By David Stanczak
A couple of weeks ago, the Illinois Supreme Court assassinated the people’s attempt at voting reform when it ruled that the Independent Map Amendment proposition signed by 563,000 petitioners was an invalid attempt to amend the Illinois Constitution. Yesterday morning, the court buried the corpse when it refused to grant a rehearing of the case. So much for reform in the former Land of Lincoln.

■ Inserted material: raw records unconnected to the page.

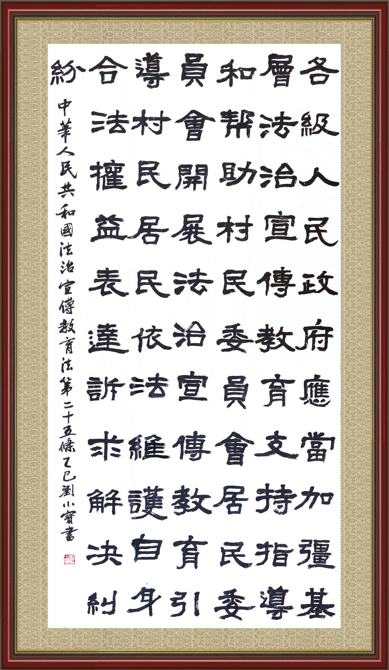 《中華人民共和國法治宣傳教育法》自2025年11月1日起開始施行。法治宣傳教育是全面依法治國的長期基礎性工作。法治宣傳教育法對提升全民法治素養(yǎng)和社會治理法治化水平、推動建設更高水平的社會主義法治國家具有重要意義。為更好地學習、宣傳、貫徹這部法律,法治日報社聯(lián)合司法部普法與依法治理局,開展了“‘書·法’系列活動之書寫《中華人民共和國法治宣傳教育法》”活動。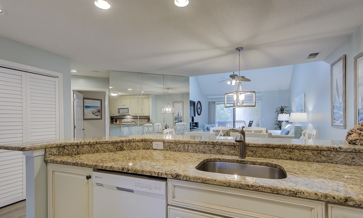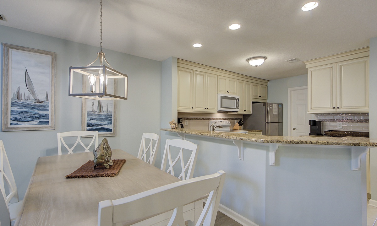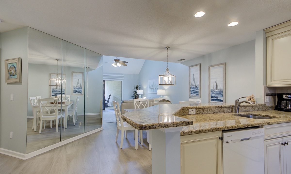 The beautifully updated kitchen has granite counters, custom cabinetry and new appliances. Enjoy a home cooked meal using the air fryer, crock pot and rice cooker/steamer. The dining area, which is between the kitchen and living room, features seating for 6.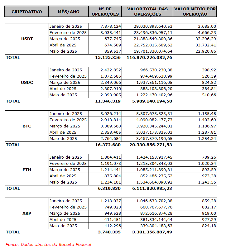 Separamos os cinco criptoativos mais negociados oficialmente no período de janeiro a maio de 2025, cujos dados foram reportados pelas corretoras/exchanges para a Receita Federal seguindo determinação da Instrução Normativa RFB n° 1.888, de 3 de janeiro de 2019, conforme quadro abaixo: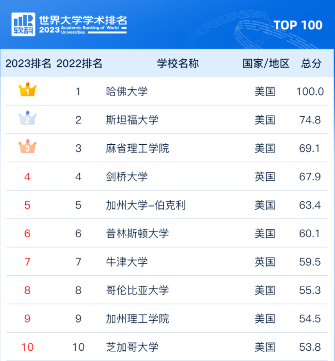 哈佛大学仍然稳坐头把交椅,连续21年蝉联全球第一。斯坦福大学和麻省理工大学紧随其后,位列全球第二和全球第三。

The result is bad enough, but there’s more. The court was singularly unhelpful and apparently uninterested in arriving at a proper decision. In deciding the case, the 4 person Democratic majority refused to consider the transcripts of the debates at the constitutional convention as evidence of what the framers intended. This is folly. No law or constitutional provision is ever so clear and unequivocal that questions about its meaning may never arise. The clearest possible evidence of what lawmakers, or constitution-makers intended is what they talked about when deliberating the language of the document they produced. That’s why transcripts of the debates were prepared and circulated widely: the convention wanted to leave a paper trail of what it did for posterity, and more particularly for the courts to interpret their document properly. Looking at constitutional convention debates in a search for meaning is nothing unusual; this same court has done it routinely in other cases interpreting this constitution. The majority never gave a reason for refusing to consider the debates, a must when taking such an unusual step. The inference must be that the decision was fore-ordained and the language of the debates was too clear to explain away. So, they ignored it.
The court also didn’t rule on any of the six other arguments the opponents had to the Amendment, leaving itself an opportunity to rule against the amendment on another ground on another day.
Finally, although the proponents begged the court for some clue as to how to permissibly bring this issue to a vote, the court refused without comment.
Anyone who flipped off a judge in court would properly find themselves in contempt real quick. But a majority of the Illinois Supreme Court did just that to the people of the state. Why? Because they can.
David Stanczak, a Forum commentator since 1995, came to Bloomington in 1971. He served as the City of Bloomington’s first full-time legal counsel for over 18 years, before entering private practice. He is currently employed by the Snyder Companies and continues to reside in Bloomington with his family.